§ EXERCISE PROMPT: Every line of the material is to be returned verbatim. Pictures stay out.

§ INFORMATION PROVIDED:
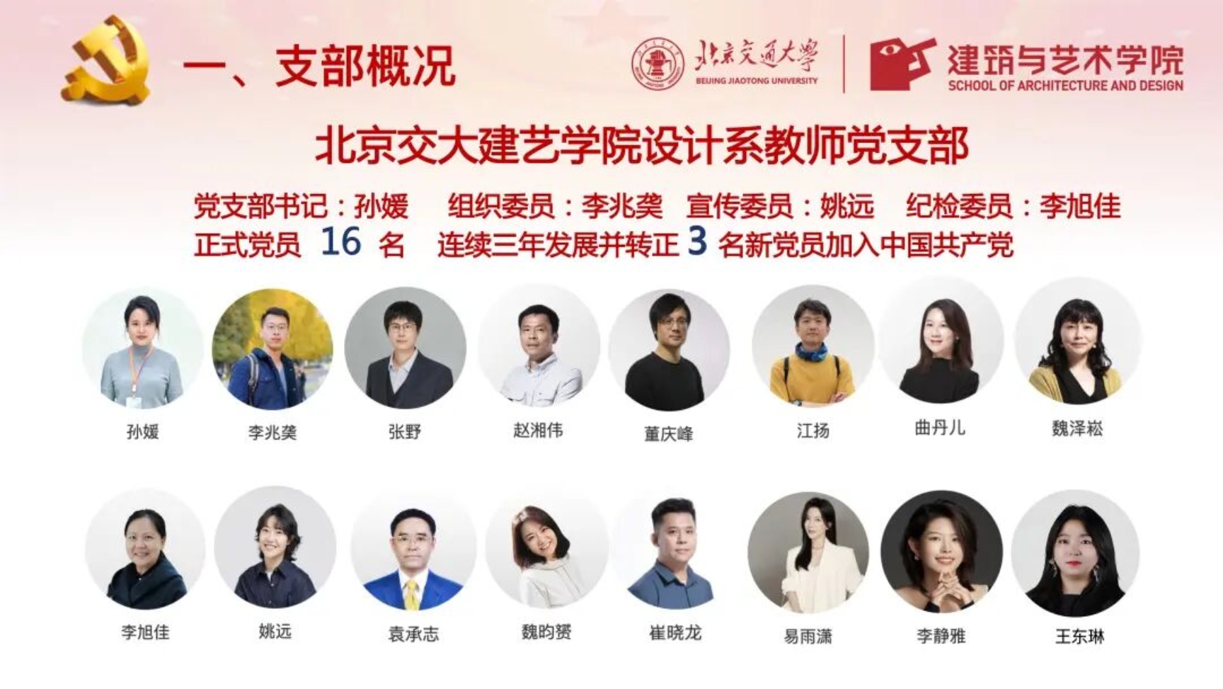 设计系教师党支部共有正式党员 16 名,在上一任书记的努力下,连续三年发展并转正 3 名新党员加入中国共产党,为设计系党支部的工作打下了坚实的基础。
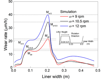 本案例采用DEMSLab軟件和內(nèi)置的侵蝕模型來預測SAG磨機內(nèi)部磨損。根據(jù)相應(yīng)的實驗數(shù)據(jù)定量驗證了標準情況下(轉(zhuǎn)速為10.5 rpm;提升桿面的角度為14°;提升桿高度為152 mm)的仿真結(jié)果。通過對比仿真結(jié)果與實驗基本吻合,表明該方法的準確性可以很好地預測SAG軋機內(nèi)的磨損。然后分別研究了旋轉(zhuǎn)速度、提升條的形狀等因素對磨損的影響,發(fā)現(xiàn)旋轉(zhuǎn)速度對SAG磨機內(nèi)襯板的磨損有重大影響,同時提升條的形狀也會對SAG磨機內(nèi)襯的磨損產(chǎn)生影響,另外轉(zhuǎn)速會影響趾部區(qū)域內(nèi)礦石顆粒的尺寸分布,這對磨損分布也有重要影響。
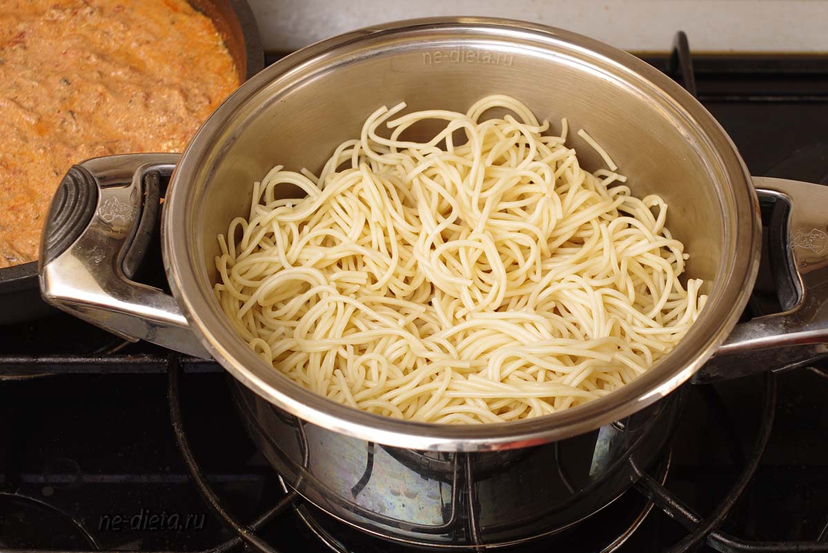 - Спагетти отвариваем в подсоленной воде до готовности. Ориентируемся на время, указанное на упаковке. Жидкость сливаем.
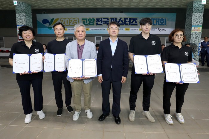 이동환 고양시장은 고양시 수영 발전과 생활체육 활성화에 기여한 공로로 김상섭 수영연맹회장 등 5명에게 표창장을 수여했다.

§ YOUR RESPONSE:
 设计系教师党支部共有正式党员 16 名,在上一任书记的努力下,连续三年发展并转正 3 名新党员加入中国共产党,为设计系党支部的工作打下了坚实的基础。
 本案例采用DEMSLab軟件和內(nèi)置的侵蝕模型來預測SAG磨機內(nèi)部磨損。根據(jù)相應(yīng)的實驗數(shù)據(jù)定量驗證了標準情況下(轉(zhuǎn)速為10.5 rpm;提升桿面的角度為14°;提升桿高度為152 mm)的仿真結(jié)果。通過對比仿真結(jié)果與實驗基本吻合,表明該方法的準確性可以很好地預測SAG軋機內(nèi)的磨損。然后分別研究了旋轉(zhuǎn)速度、提升條的形狀等因素對磨損的影響,發(fā)現(xiàn)旋轉(zhuǎn)速度對SAG磨機內(nèi)襯板的磨損有重大影響,同時提升條的形狀也會對SAG磨機內(nèi)襯的磨損產(chǎn)生影響,另外轉(zhuǎn)速會影響趾部區(qū)域內(nèi)礦石顆粒的尺寸分布,這對磨損分布也有重要影響。
 - Спагетти отвариваем в подсоленной воде до готовности. Ориентируемся на время, указанное на упаковке. Жидкость сливаем.
 이동환 고양시장은 고양시 수영 발전과 생활체육 활성화에 기여한 공로로 김상섭 수영연맹회장 등 5명에게 표창장을 수여했다.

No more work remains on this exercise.